Funny you posted this since I was thinking the same thing. I was going to ask 6er fans is it time to trade the other AI - Andre Iguodala? Dude only took 9 shots in a game missing Cwebb and AI. I don't know if this is all him or is it Mo's fault for not getting him into the offense? But I'm okay if we dangle him as trade bait.

Billy King's gotta own this atrocity. He didn't make any changes for a team that missed the playoffs in a weak Eastern conf after getting maximum outputs from both AI and Webber. :no: 

The only good thing is knowing Webber's monolithic contract comes off the books at season's end.
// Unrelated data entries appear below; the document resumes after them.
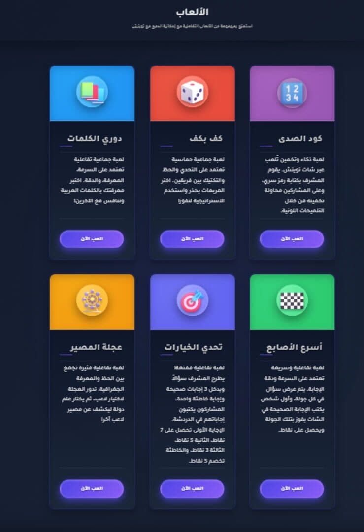 E4KM Games An interactive gaming platform offering a variety of chat-based games fully in Arabic. It focuses on quick thinking, word challenges, and luck-based mechanics like wheel spins, designed to make group play exciting and engaging.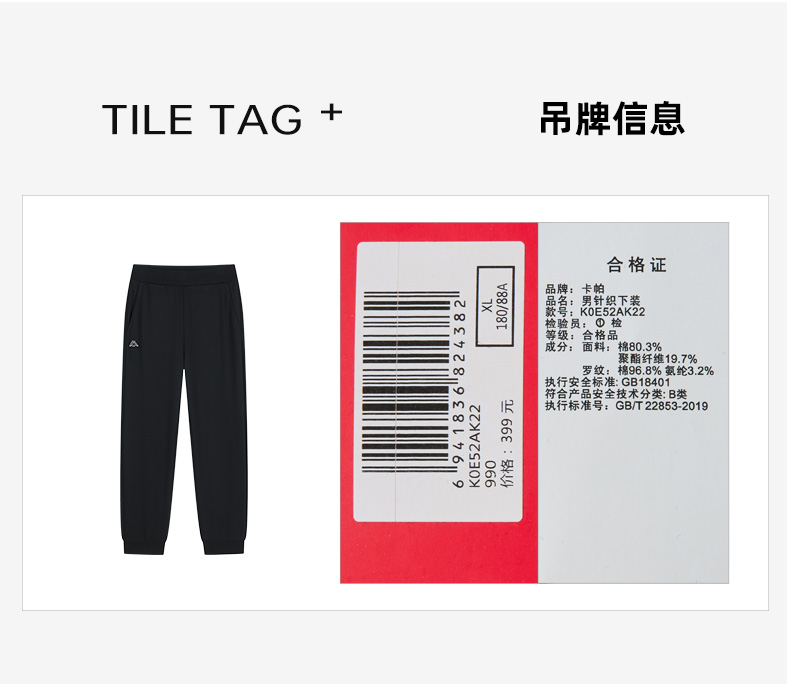 Kappa卡帕背靠背运动长裤男款秋季新款弹力休闲针织裤子束脚男裤K0E52AK22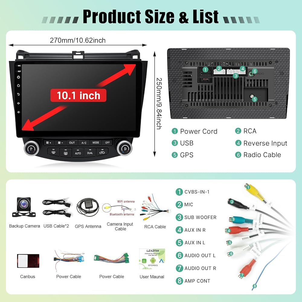 Radio Stereo Stereo Leadfan لـ Honda Accord 7th 2003-2007 Wireless Carplay & Android Auto ، 10.1 "IPS Touch Screen Android Accord Unit WiFi GPS BT FM DSP Camera SWC Mirrorlink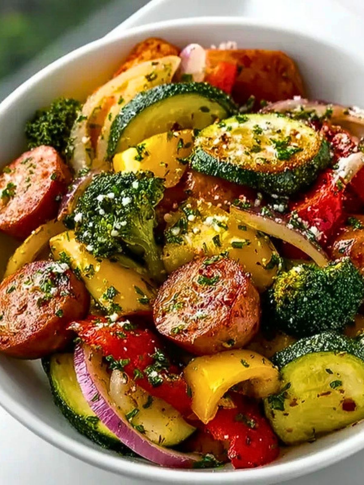 5. Roast in the oven for 25–30 minutes, flipping halfway through, until sausage is golden and vegetables are tender with crisp edges.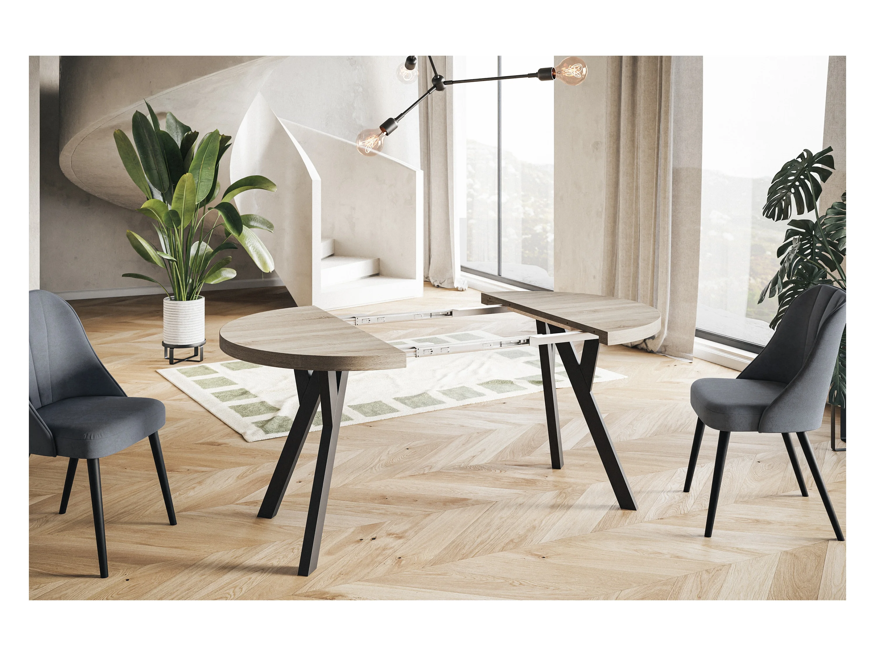 Table de salle à manger ronde OVO, table à rallonges Diamètre : 100 cm à 200 cm, couleur de la table basse : SONOMA, avec pieds en bois couleur noir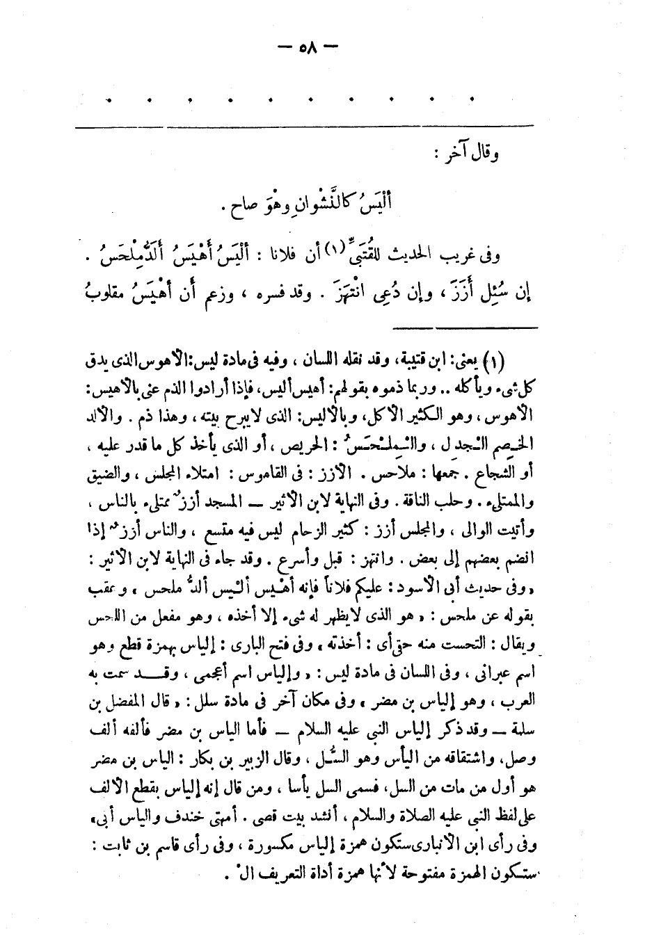 (1) يعنى: ابن قتيبة، وقد نقله اللسان، وفيه فى مادة ليس: الأهوس الذى يدق كل شئ ويأكله.. وربما ذموه بقولهم: أهيس أليس، فإذا أرادوا الذم عنى بالأهيس: الأهوس، وهو الكثير الأكل، وبالأليس: الذى لا يبرح بيته، وهذا ذم. والألد الخصم الجدل، والملحس: الحريص، أو الذى يأخذ كل ما قدر عليه، أو الشجاع. جمعها: ملاحس. الأزز: فى القاموس: امتلاء المجلس، والضيق والممتلئ. وحلب الناقة. وفى النهاية لابن الأثير- المسجد أزز ممتلئ بالناس، وأتيت الوالى، والمجلس أزز: كثير الزحام ليس فيه متسع، والناس أزز إذا انضم بعضهم إلى بعض. وانتهز: قبل وأسرع. وقد جاء فى النهاية لابن الأثير: «وفى حديث أبى الأسود: عليكم فلانا فإنه أهيس أليس ألدّ ملحس» وعقب بقوله عن ملحس: «هو الذى لا يظهر له شئ إلا أخذه، وهو مفعل من اللحس ويقال: التحست منه حقى أى: أخذته» وفى فتح البارى: إلياس بهمزة قطع وهو اسم عبرانى، وفى اللسان فى مادة ليس: «وإلياس اسم أعجمى، وقد سمت به العرب، وهو إلياس بن مضر» وفى مكان آخر فى مادة سلل: «قال المفضل بن سلمة- وقد ذكر إلياس النبى عليه السلام- فأما الياس بن مضر فألفه ألف وصل، واشتقاقه من اليأس وهو السّل، وقال الزبير بن بكار: الياس بن مضر هو أول من مات من السل، فسمى السل يأسا، ومن قال إنه إلياس بقطع الألف على لفظ النبى عليه الصلاة والسلام، أنشد بيت قصى: أمهتى خندف والياس أبى» وفى رأى ابن الأنبارى ستكون همزة إلياس مكسورة، وفى رأى قاسم بن ثابت: ستكون الهمزة مفتوحة لأنها همزة أداة التعريف ال.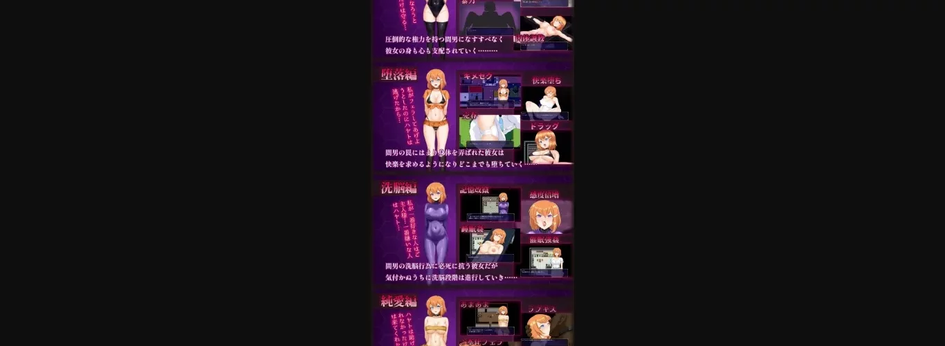 2D Game, 2DCG, Ahegao, Anal sex, Big tits, Censored, Cheating, Corruption, Creampie, Fantasy, Groping, Group sex, Internal view, Interracial, Japanese Game, Lactation, Male domination, Male Protagonist, Mind Control, Monster, Multiple penetration, Netorare, Oral sex, Pregnancy, Prostitution, Rape, Romance, Sex toys, Sleep sex, Tentacles, Titfuck, Trainer, Turn based combat, Urination, Violation, Vaginal sex, Virgin,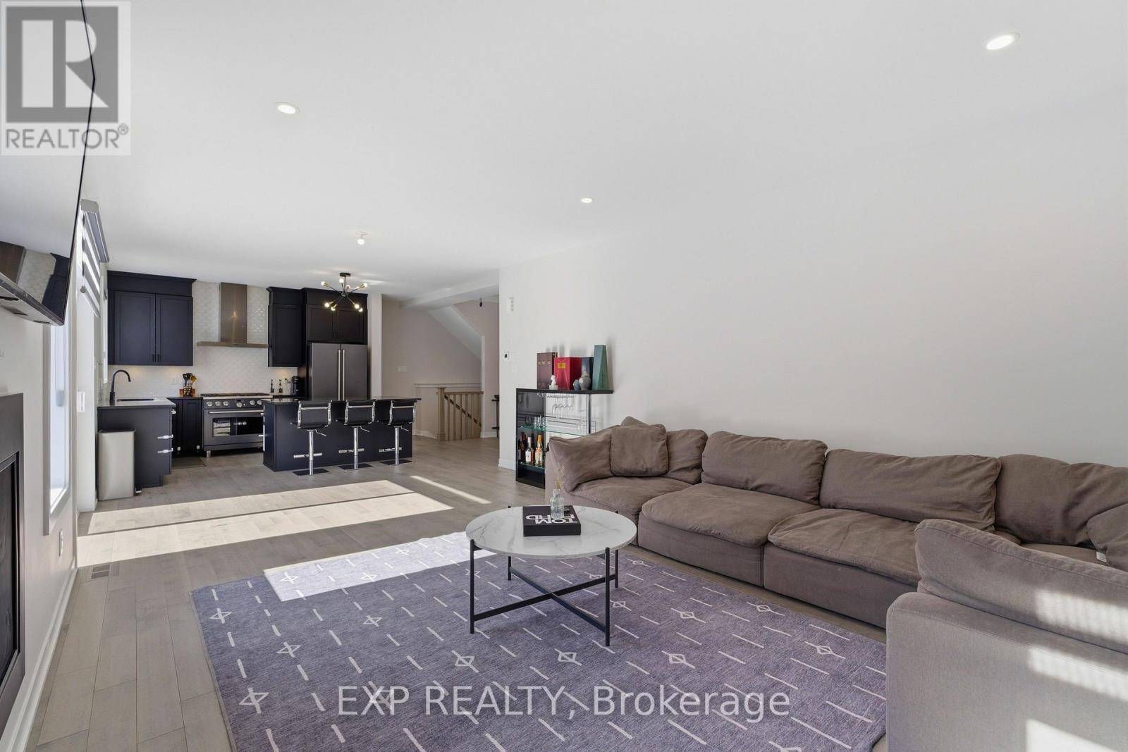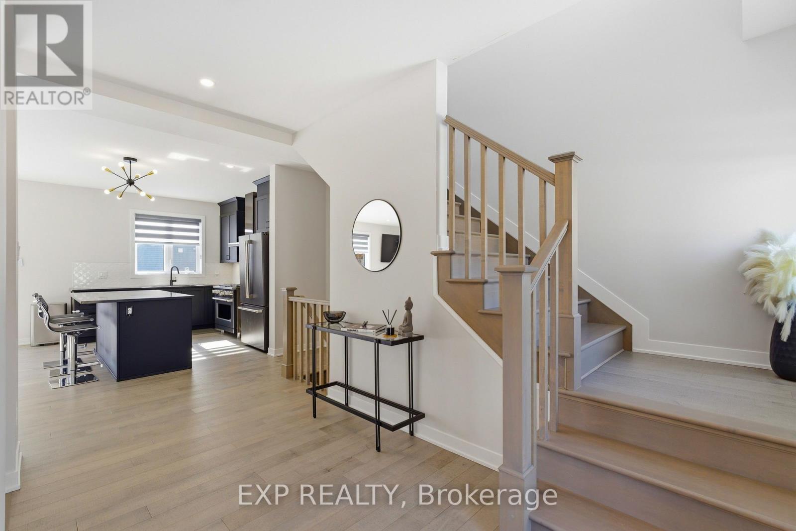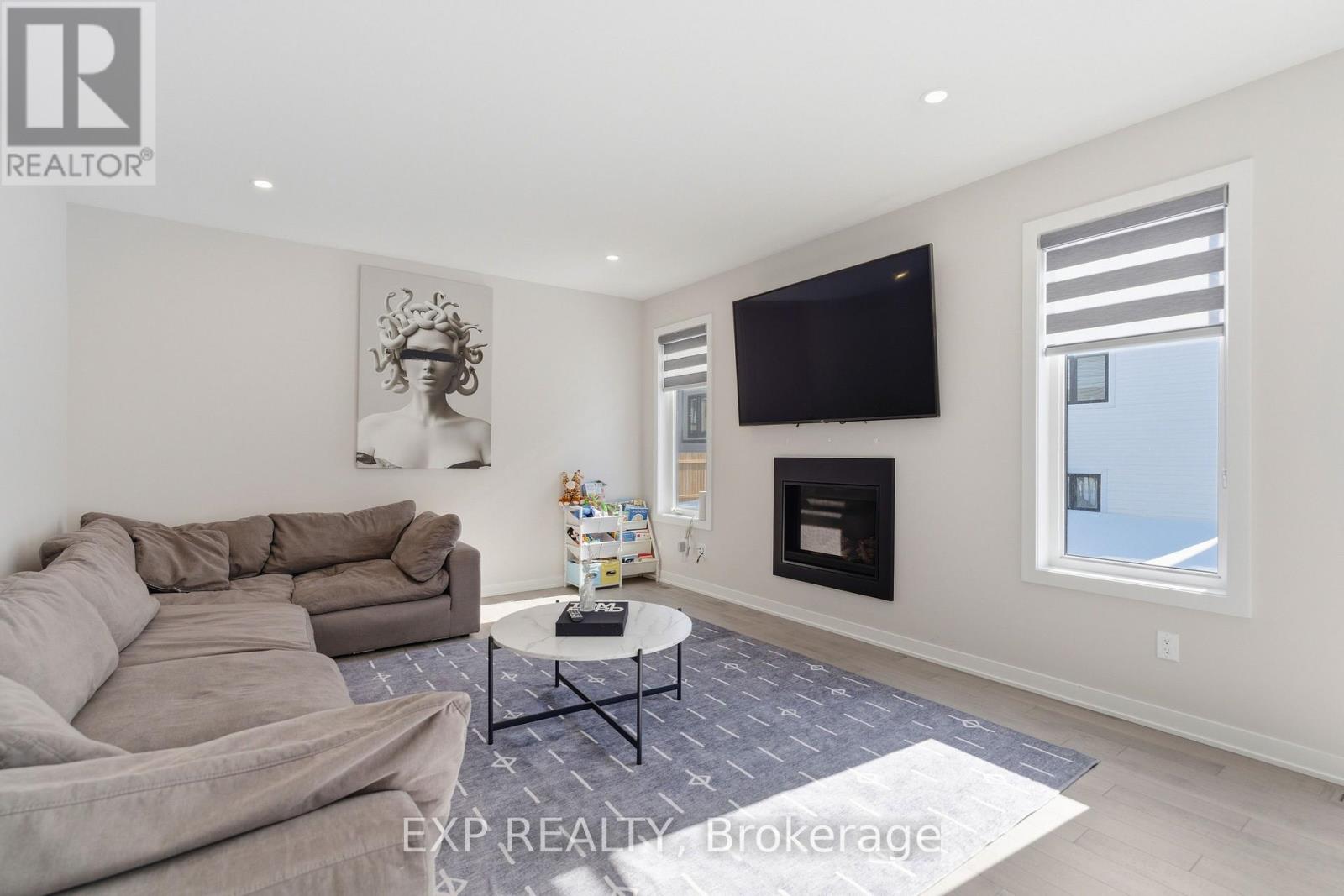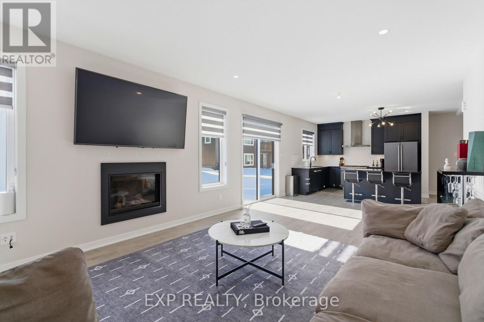 Welcome to 132 Rugosa Street, a Caivan-built home with 4 bedrooms and 3 bathrooms in one of Barrhaven's newest communities. From the moment you walk in, the quality of the finishes and the thoughtfulness of the layout make a strong first impression. The main level greets you with a welcoming foyer, a nearby powder room, and a mudroom with direct access to the double-car garage. The open-concept layout flows effortlessly from room to room, with hardwood floors underfoot and light pouring in from every angle. The kitchen is the true centrepiece, featuring floor-to-ceiling cabinetry in a striking dark finish, a scalloped tile backsplash, granite countertops, a large island with bar seating, and the full Cafe Line appliance package including a gas stove. The living room is where this home really shines, bathed in natural sunlight throughout the day and anchored by a sleek fireplace that adds warmth and ambiance year-round. Patio doors off the dining area connect you directly to the backyard, making indoor-outdoor living easy. Upstairs, the primary suite is a true retreat with a walk-in closet and a 4-piece ensuite featuring a double vanity and glass shower. Three additional spacious bedrooms and a full bathroom complete the upper level. The fully finished basement offers a large recreation room ready to adapt to your lifestyle, along with laundry and plenty of storage. Steps from parks, schools, walking trails, and everyday conveniences, this home puts you right in the heart of a thriving Barrhaven community. (id:64974)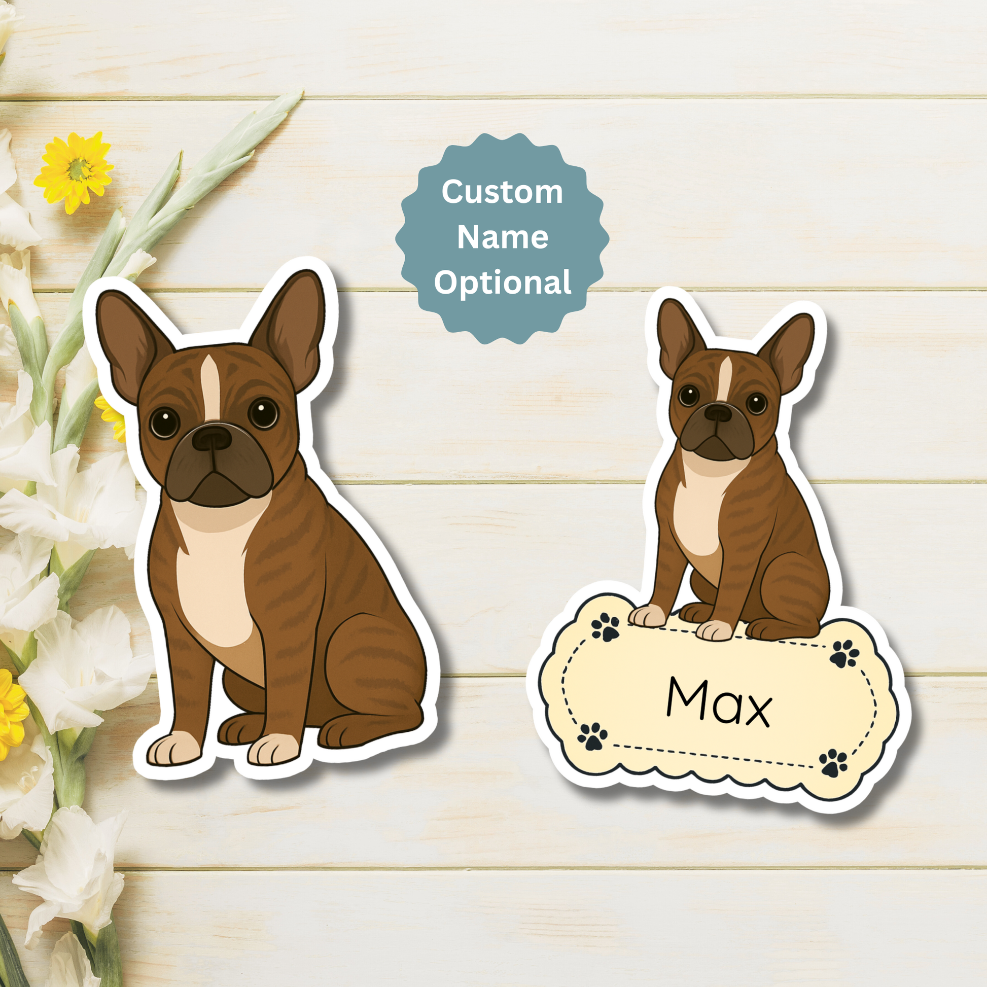 Aimant personnalisé Boston Terrier – Bringé et blanc | Personnalisable avec le nom de l'animal
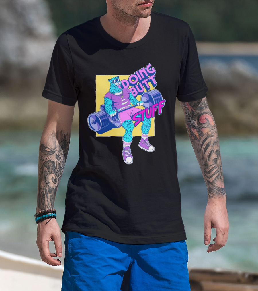 Doing Butt Stuff Leopard Lifting Weights T-Shirt

THank You God!


----------



## Coatesvillain (Jul 17, 2002)

Hindsight is lovely because I can always disagree with what I originally thought, but..

Damn, Billy looks bad for refusing to trade Iguodala for Artest doesn't he? As much as I like Iguodala I don't think his ceiling is as high as Ron Artest is right now, I thought the opposite when the trade was offered.. but times have changed.


----------



## Diable (Apr 26, 2005)

I think most people would be more surprised by the 3-0 start rather than the 1-6 part


----------



## SirCharles34 (Nov 16, 2004)

Coatesvillain said:


> Hindsight is lovely because I can always disagree with what I originally thought, but..
> 
> Damn, Billy looks bad for refusing to trade Iguodala for Artest doesn't he? As much as I like Iguodala I don't think his ceiling is as high as Ron Artest is right now, I thought the opposite when the trade was offered.. but times have changed.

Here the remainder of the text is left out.